Clementina "Kit" Caroline Anstruther-Thomson (1857–1921) was a Scottish author and art theorist. She was known for writing and lecturing on experimental aesthetics during the Victorian era. Her collaboration with Vernon Lee in the 1890s inspired Lee's growing interests in the psychological aspect of aesthetics later in her career.

Early life 

Anstruther-Thomson was born to John Anstruther-Thomson of Charleton and Carntyne, and Caroline Maria Agnes Robina Gray in an aristocratic family. Her grandfather, also John Anstruther-Thomson, was a career officer in the British Territorial Army.

Experimental aesthetics 

The aesthetic movement in the United Kingdom began in the 1860s during the Victorian period. In Victorian literature, writers of the aesthetic movement focused on the sensual aspect of aesthetics. Anstruther-Thomson in particular was keen on experiencing art physically with her body.  In one of the lectures titled "What Patterns Do to Us" given by Anstruther-Thomson, she encouraged the audience to engage with a patterned vase and "feel its effect on their bodies".

Vernon Lee was already familiar with Anstruther-Thomson's work prior to meeting her.
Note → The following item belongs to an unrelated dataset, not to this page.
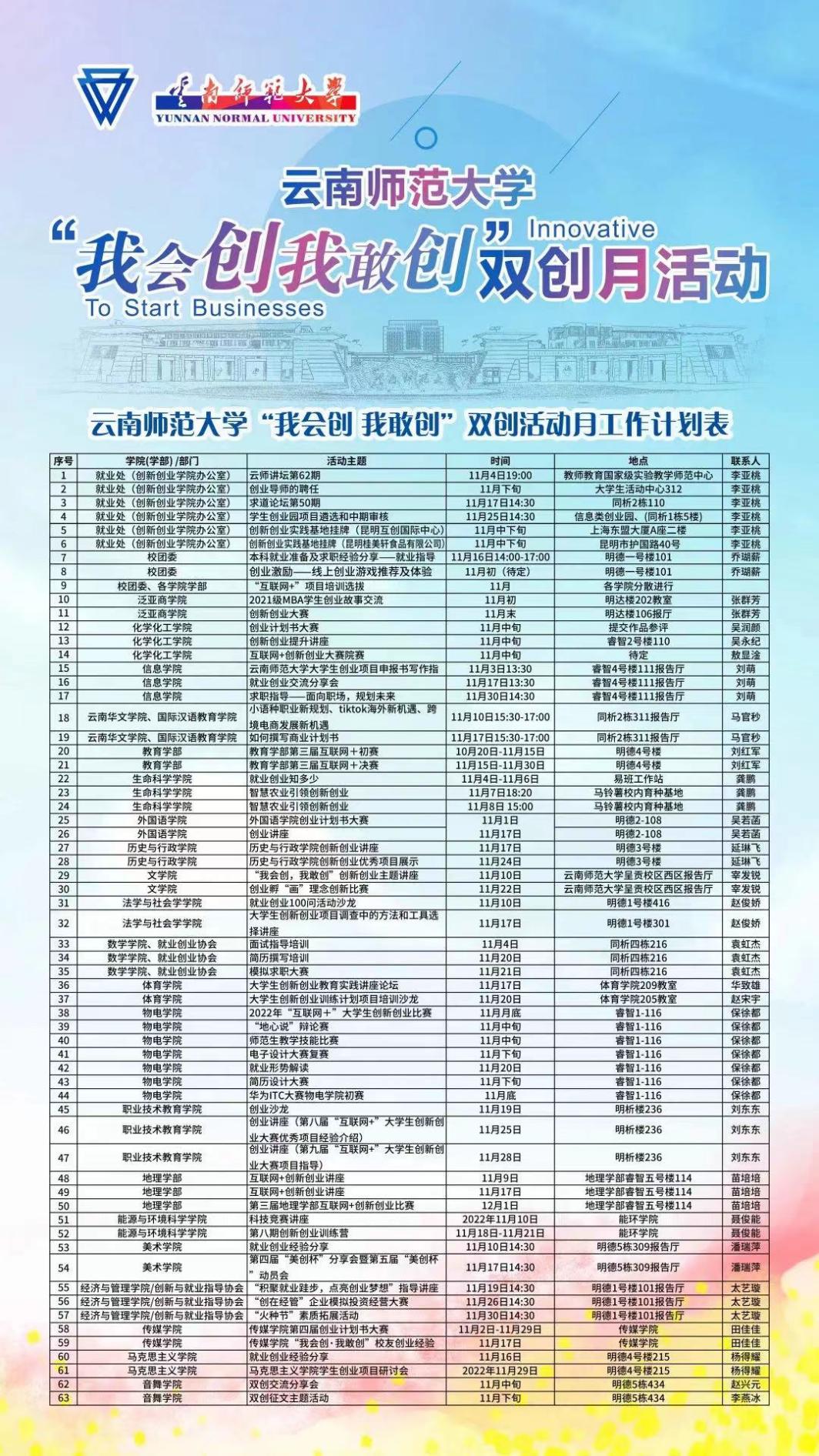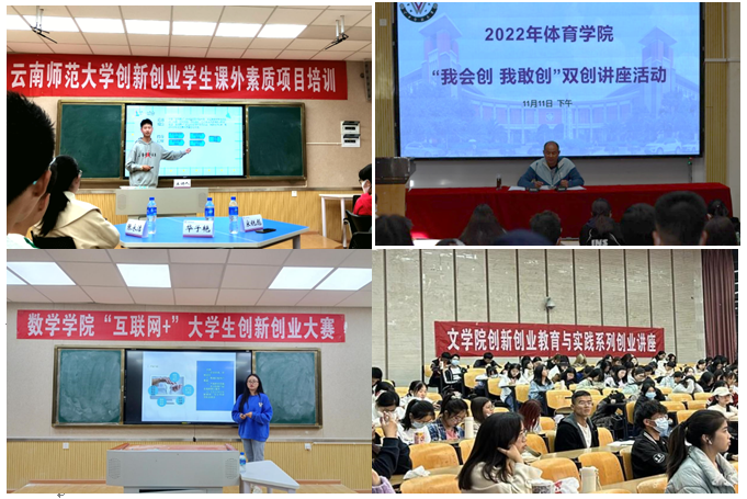 双创活动月自11月启动以来,在就业处(创新创业学院)的主导下,在团委及相关学院(学部)的大力支持下,开展了丰富多彩的双创活动:以“云师讲坛”、“求道论坛”、“学生创业园项目中期审核”、“创业就业实践基地挂牌”等活动为主线,邀请业界专家、创业导师、企业优秀人员、政府相关人员来校作项目指导、经验分享和政策宣传,扩展大学生创业就业实践基地,举办就业创业的相关讲座、培训,主要从政策宣讲、经验分享、成果展示、活动带动、典型激励等方面,为我校师生全方位集中呈现一场创新创业文化盛宴。

Contemporary writers have described Anstruther-Thomson as having the physique that resembles the ideals from ancient Greek sculpture, and Lee frequently described her obsession with Anstruther-Thomson's body in her writings. When Lee observed art with Anstruther-Thomson, her aesthetic experience was based on "lesbian desire" of Anstruther-Thomson's body that embodied Greek ideals.
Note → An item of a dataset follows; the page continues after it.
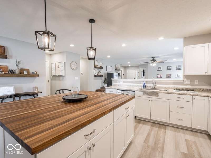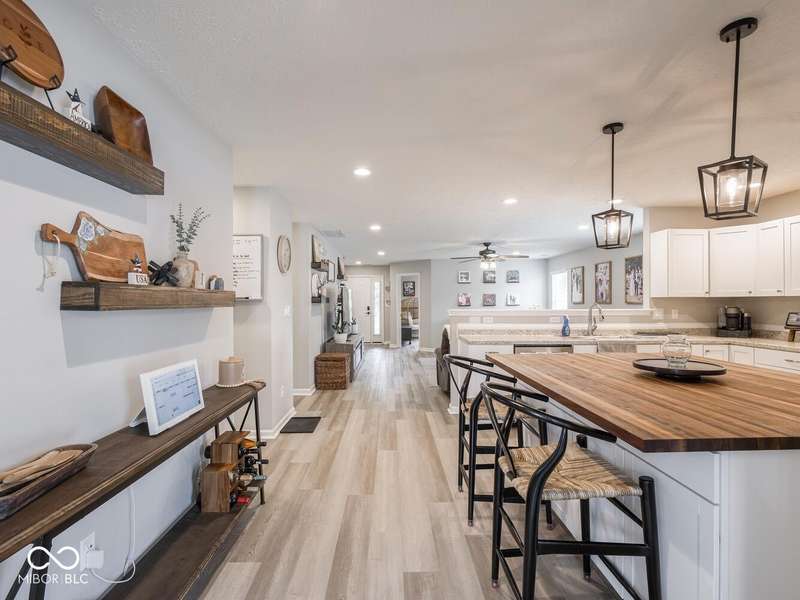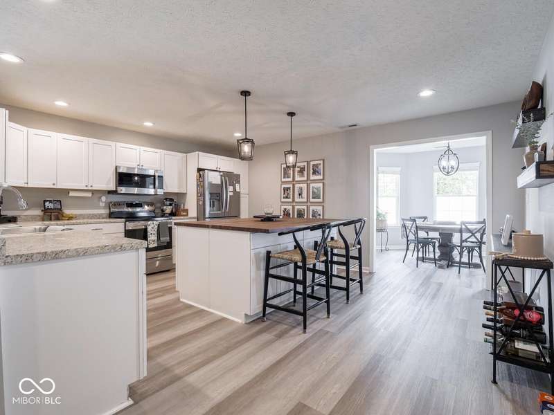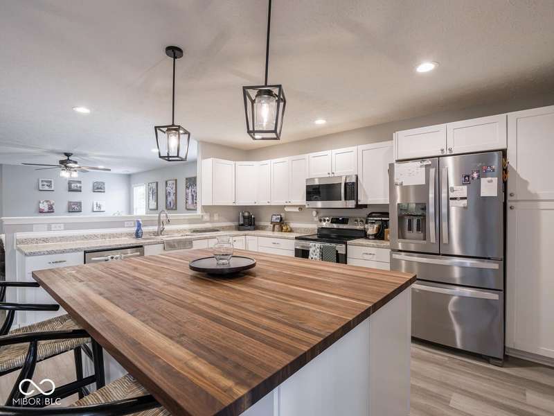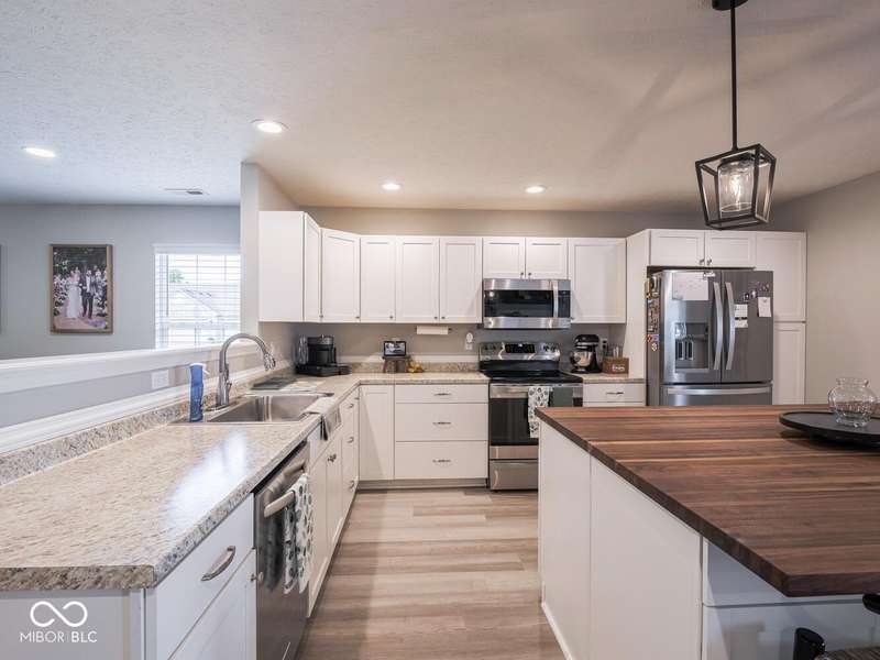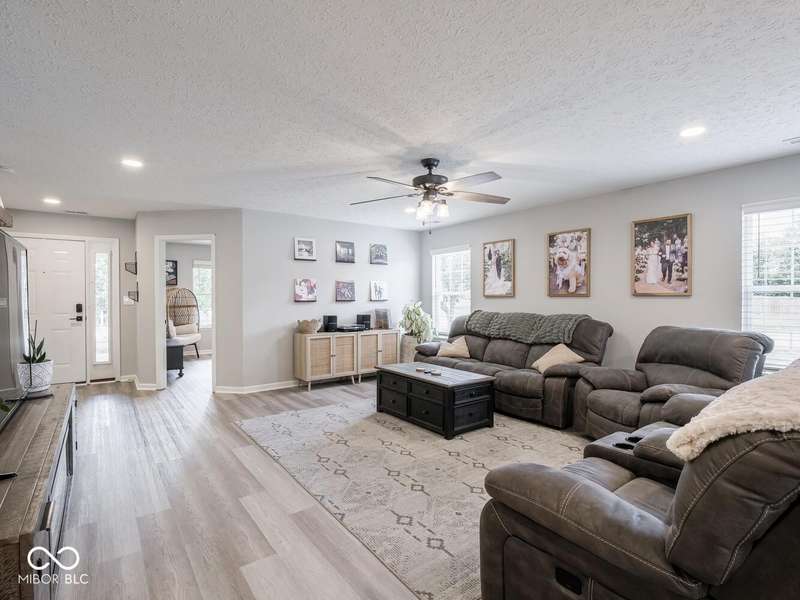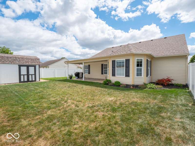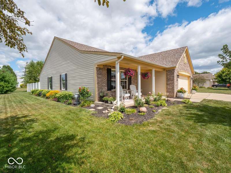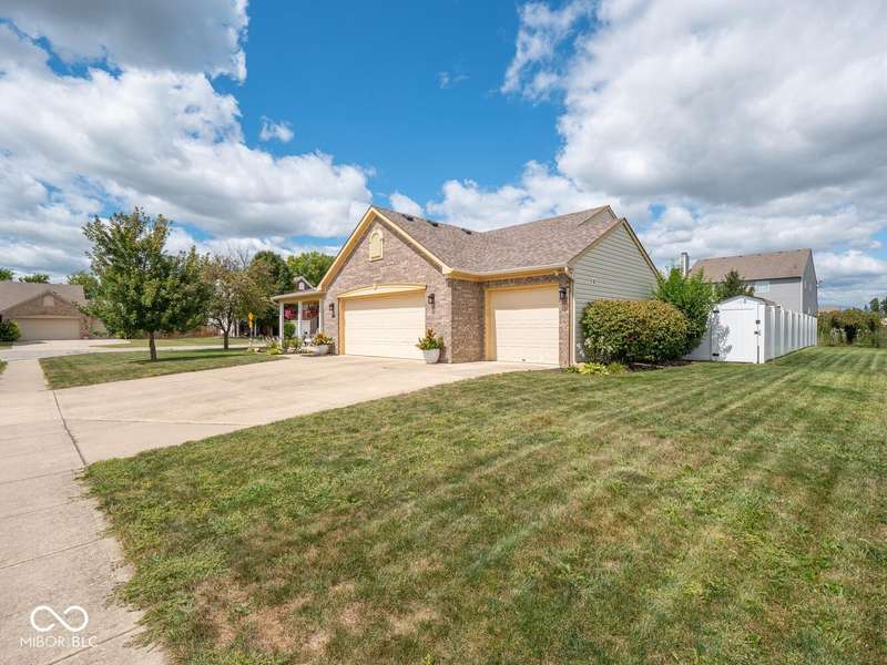 Don't miss this beautifully updated 3-bedroom ranch in Oriole Point. It features a spacious 3-car attached insulated garage and a host of recent upgrades built by local builder Westport Homes. Step inside to find fresh paint, new laminate flooring, added recessed LED lighting, updated light fixtures, door hardware, and an open-concept layout designed for both comfort and entertaining. The kitchen was recently renovated, boasting new cabinets, appliances, and a large center island-perfect for gatherings and everyday living. A bright sunroom/dining nook overlooks the backyard, complementing the large great room for added living space. The primary suite is a true retreat, complete with an updated bath offering double sinks and a custom-tiled walk-in shower. Outdoor living shines with a 22x10 covered patio, ideal for evening relaxation, and a large privacy vinyl fence enclosing the yard. A 12x10 mini barn offers additional storage. Peace of mind comes with significant updates, including a roof replacement in 2019. Move-in ready and thoughtfully upgraded, this home blends modern finishes with everyday functionality- all in a desirable Avon location close to shopping, dining, and top-rated schools.

Collaboration with Vernon Lee 

Anstruther-Thomson first met Vernon Lee in 1888, and for the next twelve years the two women openly lived together, as "lovers, friends, and co-authors". Living as expatriates in Italy, they often travelled back and forth to Britain. In their time together, they took aesthetics experiments and recorded their findings. Throughout the 1890s, Anstruther-Thomson and Lee visited many museums across continental Europe and observed many art works. In their observation, they recorded in writing on how their body responded to art works.

In 1897, they published the combined findings in the article "Beauty and Ugliness", which investigates the physiology of aesthetics. Their research was based on the James–Lange theory of how the human body responds to stimulation and triggers emotion. Many of the findings, however, were not taken seriously as both their professional and romantic relationship was "attacked" by their contemporaries, receiving "severe criticisms" from friends.

Later life 

After the publication of "Beauty and Ugliness", Anstruther-Thomson gradually drifted away from Lee, and eventually broke off the relationship in 1898., remaining close friends. She was subsequently in a relationship with the Welsh author and Chief Commissioner for Girl Guides in Wales, Hon. Fflorens Roch (1879-1969), the two were "rarely apart".

Later in her life, Anstruther-Thomson worked closely with the Girl Guides Association. Many of the leaders were single women, and some were lesbian as well, for whom Guiding provided a safe refuge. Anstruther-Thomson was both an organiser and trainer, and held the position of County Commissioner until her death. She was buried with her family in Kilconquhar Parish Churchyard, Kilconquhar.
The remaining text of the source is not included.